70 „Moorhelden“ hatten der Lebensbaum-Stiftung ihre Moorgrundstücke geschenkt, damit die Wiedervernässung des Moores unbürokratisch und zielführend umgesetzt werden kann, berichtete Maren Walter aus dem Stiftungs-Vorstand. Dadurch seien etwas mehr als 40 Hektar für den Naturschutz bereitgestellt worden. „Sie sind Pioniere für eine ganz besondere Art, sich für die Natur zu engagieren“, lobte sie die Beteiligten.

Wer ein solcher „Moorheld“ ist, das ist seit dieser Woche auf einer großen Ehrentafel zu sehen, die am Eingang des Diepholzer Moorerlebnispfads aufgestellt wurde. Sie trägt 43 Plaketten mit Namen der „Helden“ selbst oder in vielen Fällen auch ihrer Vorfahren als frühere Eigentümer der Flächen.

Derzeit sind es 43 Plaketten, die mit den Namen der „Moorhelden“ versehen sind. Es ist noch Platz für weitere.

Bevor die Tafel enthüllt wurde, zeichnete Maren Walter die Geschichte des Projektes nach, die 2012 begonnen hatte. Es gab kleine und große Hürden, und als dann alles geklärt war, „dann kam Corona“ und an eine solche Veranstaltung sei erst einmal nicht zu denken gewesen.
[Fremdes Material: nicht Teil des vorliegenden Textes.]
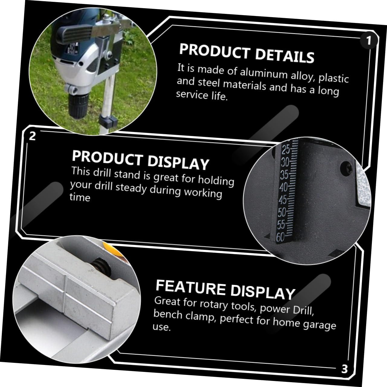 Package List 1 x bracket 1 x flat nose pliers 1 x wrench 1 screws Features - Color: Silver Single Hole Drill Rack. - Material: Aluminum alloy, plastic, steel Stand for Drill Press. - Adjustable clamping range: 38mm-42mm Bench Clamp Stand. - Size: About 50.00X14.50X14.50cm/19.65X5.70X5.70inch Table for Drill Press. - The drill press stand assists you to drill holes with high precision Drill Press Rack. - , you can buy this tool at an Universal Drill Stand. - To drill accurate perpendicular and angled holes for wood, metal, or plastic material Drill Press Table. - If you are out a floor drill press table, the drill stand will be your choice Single Hole Drill Stand. - It is made of great sturdy materials and will not be easily damaged Bench Clamp Support Tool.Goods InformationBench Clamp Support Tool Are you looking for a , yet drill press rack? Are you in search of a sturdy, trustworthy tool that can do multiple jobs? , ! Our drill press rack must meet your needs.Universal Drill Stand It is one of the choices for you
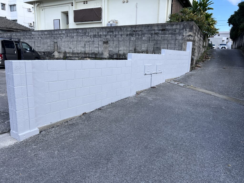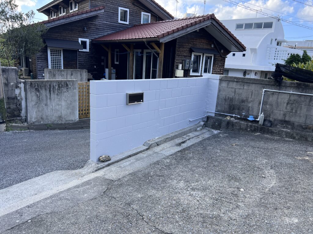 こんにちは、川田塗装 代表の川田 健人です。宜野湾市にて行なっていた、擁壁ブロック塀のリフォーム塗装工事が、本日無事に完工いたしました✨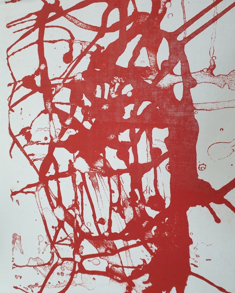 In undertaking such extensive sampling processes from the outset, a lot of the learning, knowledge and understanding gleaned from such processes informed this project of work. Through extensive colour sampling the preferred core colour range was made known and adhered to for the larger scale print work. I was led by the initial research processes of neural mapping and related artwork alongside further investigations concerning neural anatomy and physiology, of relatable colours to human tissue. Human brains are generally grey with black, white and red. As living matter, the brain is comprised of nerves, veins, blood vessels, cells, nerve fibres and neurons and neuro-connectors. The white matter of the brain is made up primarily of axon tracts, within some brain cells. These tracts transmit the electrical signals that the brain cells or neurons, use to communicate and are wrapped in a fatty layer called myelin, which insulates the axons and allows them to conduct signals quickly. The type of fat in myelin makes it look white, so myelin-dense white matter takes on a white hue as well. In contrast, grey matter is mostly neuron cell bodies and non-neuron brain cells called glial cells. These glial cells provide nutrients and energy to neurons. They help transport glucose into the brain, clean the brain of excess chemicals and are thought to affect the intensity of the neurons’ communications in the human brain. These cells are not surrounded by white myelin, they take on the natural greyish colour of the neurons and glial cells which looks pinkish, due to the many tiny blood vessels or capillaries. That considered this understanding helped to inform the colour choices especially the selection of reds through to pinks, greys with white and black. The overall colour palette was paired down as deemed to be more relevant, visually striking and impactful.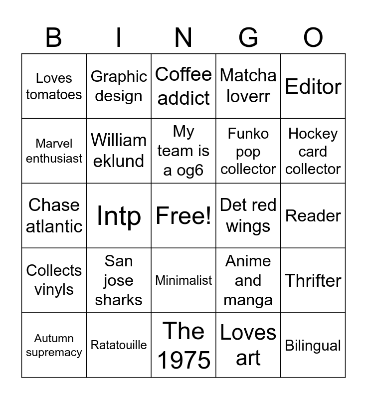 This bingo card has a free space and 24 words: San jose sharks, Ratatouille, My team is a og6, Autumn supremacy, Editor, Loves tomatoes, Marvel enthusiast, Graphic design, Det red wings, Minimalist, Funko pop collector, Chase atlantic, Anime and manga, Thrifter, William eklund, Loves art, Reader, Coffee addict, Hockey card collector, Intp, Bilingual, Collects vinyls, Matcha loverr and The 1975.

Neben zahlreichen „Moorhelden“ begrüßte sie namentlich Bürgermeister Florian Marré, Vanessa Gräbel vom Team Naturschutz des Landkreises, den Naturschutzbeauftragten Dieter Tornow, Frank Apffelstaedt vom Naturschutzring, Dr. Jan Dickopp vom NLWKN und nicht zuletzt Stiftungsgründer Ulrich Walter.

„Aktion Moorhelden“

Die Lebensbaum-Stiftung arbeitet seit längerem mit verschiedenen Naturschutzorganisationen im Raum Diepholz im Moorschutz zusammen. Im Juli 2012 ging die Stiftung noch einen Schritt weiter: Um das Diepholzer Moor besser schützen und renaturieren zu können, wurden die Besitzer von meist kleinen Moorgrundstücken, verteilt auf drei Flurstücke, gefragt, ob sie sich vorstellen könnten, ihre Grundstücke der Stiftung zu überschreiben. Hintergrund: Je weniger Eigentümer die Moorfläche hat, desto einfacher und unbürokratischer gestaltet sich der Naturschutz.

Für die gesamte Familie Walter sei der Moorschutz „etwas, das sie mit Herzblut lebt“, unterstrich Marré in seinem Grußwort. Mit Verweis auf die zeitgleich stattfindenden „Fridays for Future“-Demonstrationen hob er den stetig wachsenden Stellenwert des Klimaschutzes hervor. Mit dem 2019 verabschiedeten Klimaschutzkonzept sei man in der Stadt auf dem richtigen Weg.

Das Moor habe einen hohen Stellenwert für Diepholz, betonte Marré und die „Moorhelden“ hätten „etwas abgegeben, um gemeinsam mehr zu erreichen.“

Zusammen mit Maren Walter zog der Bürgermeister schwungvoll das Laken beiseite und die nunmehr enthüllte Helden-Tafel kam zum Vorschein. Auf ihr ist absichtlich noch Platz für weitere Spendernamen. „Wir haben ein Etappenziel erreicht, aber dies ist noch kein Schlusspunkt“, sagte Maren Walter. „Wir hoffen noch auf viele weitere Moorhelden.“

Im Anschluss an die Enthüllung ging es für Interessierte noch unter fachkundiger Führung direkt ins Moor zu den „eigenen Flächen“ und es gab so manche Erinnerungen an vergangene Zeiten: „Da haben wir früher mit den Großeltern Torf für den Winter geholt...“

Moor zum Anfassen: Dieter Tornow, Naturschutzbeauftragter des Landkreises Diepholz, brachte den „Helden“ das Moor nahe.